I'm totally confused
Posted by ThatAd8710@reddit | learnprogramming | View on Reddit | 4 comments
Hey, I'm second year student in bca I will complete my fourth sem this month but had no idea about what to do next. I'm really confused between a full stack developer and Java developer. I don't know which side to choose. Can you please help me choose between this two wisely
crashfrog04@reddit
It’s not like being a doctor, you don’t have to commit to a specialty. You don’t have to “choose” anything.
Main-Ad8879@reddit
A lot of companies say "full stack" and they mean a browser UI framework like React and then the web server serving it, probably Node.js using Typescript these days. Everything upstream from that isn't included, and is called "backend". Java tends to handle backend.

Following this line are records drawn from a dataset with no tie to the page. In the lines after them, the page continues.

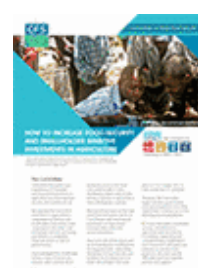
How to Increase Food Security and Smallholder Sensitive Investments in Agriculture (2011)
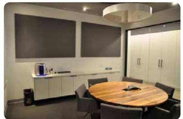
Available Color Tones
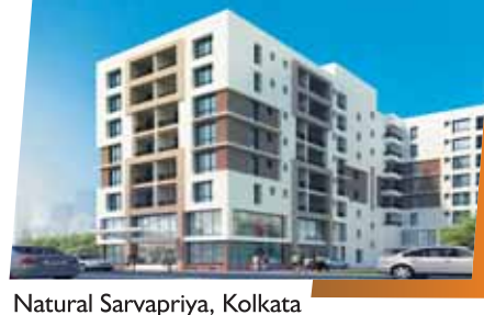
Natural Sarvapriya, Kolkata
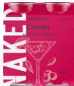
Naked Life Cosmo 6 kcal
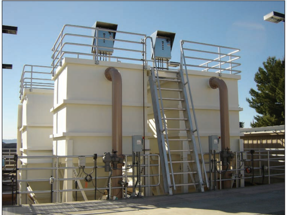
With the help of WesTech's SuperSettler lamella plate clarifiers, CLWA was able to increase total plant capacity while consistently meeting turbidity requirements.

Plant operators are pleased with the performance of the plate settlers. With the help of WesTech's SuperSettler lamella plate clarifiers, CLWA was able to increase total plant capacity, in a small footprint, to 56 MGD while consistently meeting turbidity requirements.

However, there are lots of ways to do the (web) UX layer and Java can easily do it. And in some cases, people say "full stack" and they mean "everything technical". This seems to be more the case for startups, especially the kind where you have five MBA "idea men" getting equity and one techie getting $45 hourly for 40 of the 80 hours they worked and a promise to get a little equity later "once they work the details out". Anyway good luck in this lovely industry.
Last-Progress1675@reddit
Anymore most devs can dabble in full stack if not are indeed full stack, however for learning I’d start with the Java track. It will translate well to almost everything you do
kschang@reddit
You can be both as Java can be used in Full Stack through Spring/SpringBoot. You just have to learn a few other things with it.
So your question doesn't make sense, unless your school's "full stack" is only teaching you one or two tech stacks that doesn't involve Java.
In which case, you didn't give us enough details to help you make a choice.